RNAseq of hnRNPC and ADAR deficient THP-1

Warning: Pipeline descriptions and code snippets may be inferred or AI-generated. Use them only as a starting point to guide analysis, and validate before use.
  1. 1

    Reads were aligned to GrCH37 v13 using STAR (V2.5.4a) with the basic two-pass mode allowing for a maximum number of multiple alignments of 1000 and 999 mismatches per read (--outFilterMultimapNmax 1000 --outFilterMismatchNmax 999), however 10% mismatches per read pair using --outFilterMismatchNoverReadLmax 0.1 to increase the detection of A-to-I editing sites.

    $ Bash example
    # Install STAR (if not already installed)
    # conda install -c bioconda star
    
    # Placeholder for STAR genome index directory (replace with actual path to GrCH37 v13 index)
    # The GrCH37 v13 (hg19) genome index needs to be generated prior to alignment using STAR --runMode genomeGenerate
    GENOME_DIR="/path/to/GrCH37_v13_STAR_index"
    
    # Placeholder for input FASTQ files (replace with actual paths)
    # Assuming paired-end reads based on common RNA-seq practices
    READS_R1="reads_R1.fastq.gz"
    READS_R2="reads_R2.fastq.gz"
    
    # Placeholder for output directory
    OUTPUT_DIR="star_alignment_output"
    mkdir -p "${OUTPUT_DIR}"
    
    STAR --genomeDir "${GENOME_DIR}" \
         --readFilesIn "${READS_R1}" "${READS_R2}" \
         --runThreadN 8 \
         --outFileNamePrefix "${OUTPUT_DIR}/" \
         --outFilterMultimapNmax 1000 \
         --outFilterMismatchNmax 999 \
         --outFilterMismatchNoverReadLmax 0.1 \
         --twopassMode Basic \
         --outSAMtype BAM SortedByCoordinate \
         --outSAMattributes All \
         --outReadsUnmapped Fastx
  2. 2

    In addition, we allowed introns to be 20-1000000 nt and a 1000000 nt distance between read pair mates.

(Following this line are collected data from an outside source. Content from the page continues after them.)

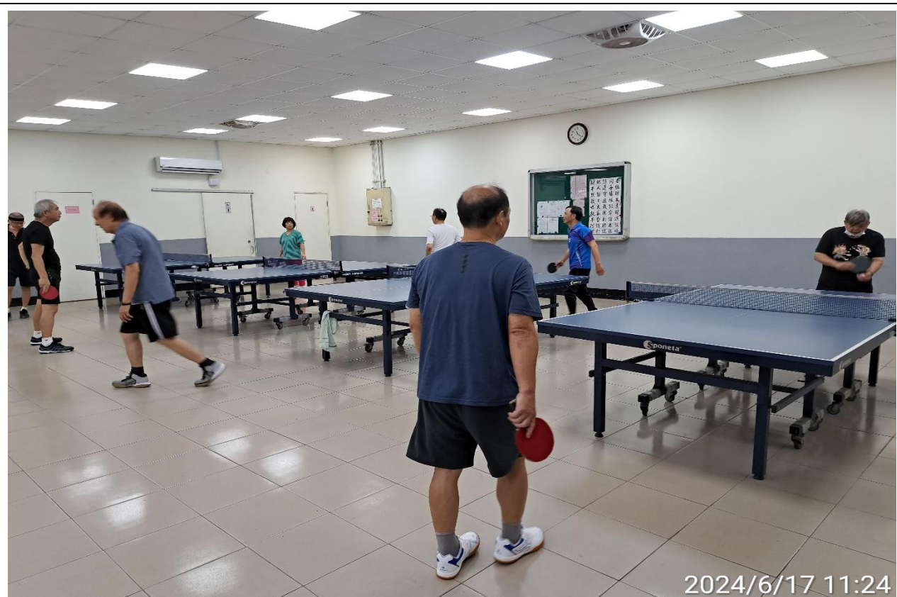
說明：萬大第二區民活動中心華中里長青會使用情形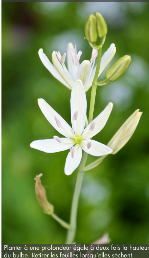
10. CAMASSIA leichtlinii 'Alba' - Quamash

Planter à une profondeur égale à deux fois la hauteur du bulbe. Retirer les feuilles lorsqu'elles sèchent.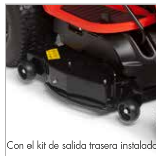
Con el kit de salida trasera instalado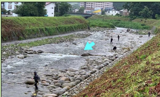
大源太川で鮎釣りを楽しむ釣り人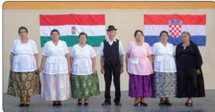
Dušnočki Ženski pjevački zbor „Pravi biser“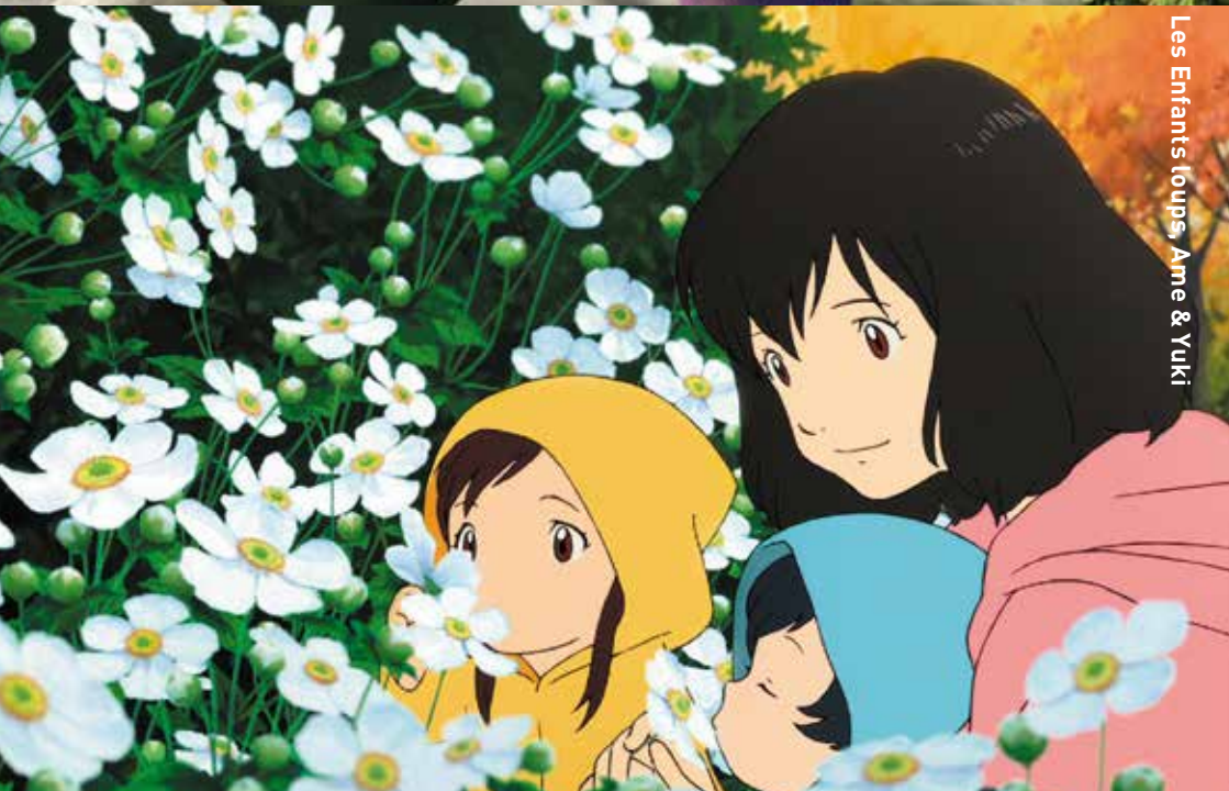
Les Enfants loups, Ame & Yuki

    STAR (Inferred with models/gemini-2.5-flash) v(Inferred with models/gemini-2.5-flash) GitHub
    $ Bash example
    # Install STAR if not already installed
    # conda install -c bioconda star
    
    # Placeholder for STAR genome index generation (if not already done)
    # STAR --runMode genomeGenerate \
    #      --genomeDir GRCh38_STAR_index \
    #      --genomeFastaFiles genome.fa \
    #      --sjdbGTFfile annotations.gtf \
    #      --runThreadN 8
    
    # Placeholder input files
    READ1="read1.fastq.gz"
    READ2="read2.fastq.gz"
    GENOME_DIR="GRCh38_STAR_index" # Using GRCh38 as a common latest assembly placeholder
    OUTPUT_PREFIX="aligned_reads"
    THREADS=8
    
    STAR --genomeDir "${GENOME_DIR}" \
         --readFilesIn "${READ1}" "${READ2}" \
         --readFilesCommand zcat \
         --runThreadN "${THREADS}" \
         --outFileNamePrefix "${OUTPUT_PREFIX}" \
         --alignIntronMin 20 \
         --alignIntronMax 1000000 \
         --alignMatesGapMax 1000000 \
         --outSAMtype BAM SortedByCoordinate \
         --outSAMunmapped Within \
         --outSAMattributes Standard
  3. 3

    Aligned reads were summarized to gene level using the R Rsubread package featureCounts function in paired end mode (isPairedEnd=TRUE) based on the GrCH37 gencode V19 GTF annotation, using the default exons as features for counting and genes as meta-features (GTF.featureType="exon" and GTF.attrType="gene_id").

    featureCounts v2.18.0 (Inferred with models/gemini-2.5-flash)
    $ Bash example
    # Install Rsubread (if not already installed)
    # R -e 'if (!requireNamespace("BiocManager", quietly = TRUE)) install.packages("BiocManager"); BiocManager::install("Rsubread")'
    
    # Download the Gencode V19 GTF annotation for GRCh37
    # wget ftp://ftp.ebi.ac.uk/pub/databases/gencode/Gencode_human/release_19/gencode.v19.annotation.gtf.gz
    # gunzip gencode.v19.annotation.gtf.gz
    
    # Assuming 'aligned_reads.bam' is your input BAM file(s)
    # For multiple BAM files, list them space-separated after the options.
    
    featureCounts \
      -a gencode.v19.annotation.gtf \
      -o gene_counts.txt \
      -p \
      -f exon \
      -g gene_id \
      -T 8 \
      aligned_reads.bam
  4. 4

    We only allowed uniquely mapping reads by setting the read-quality filter to 255 (minMQS=255).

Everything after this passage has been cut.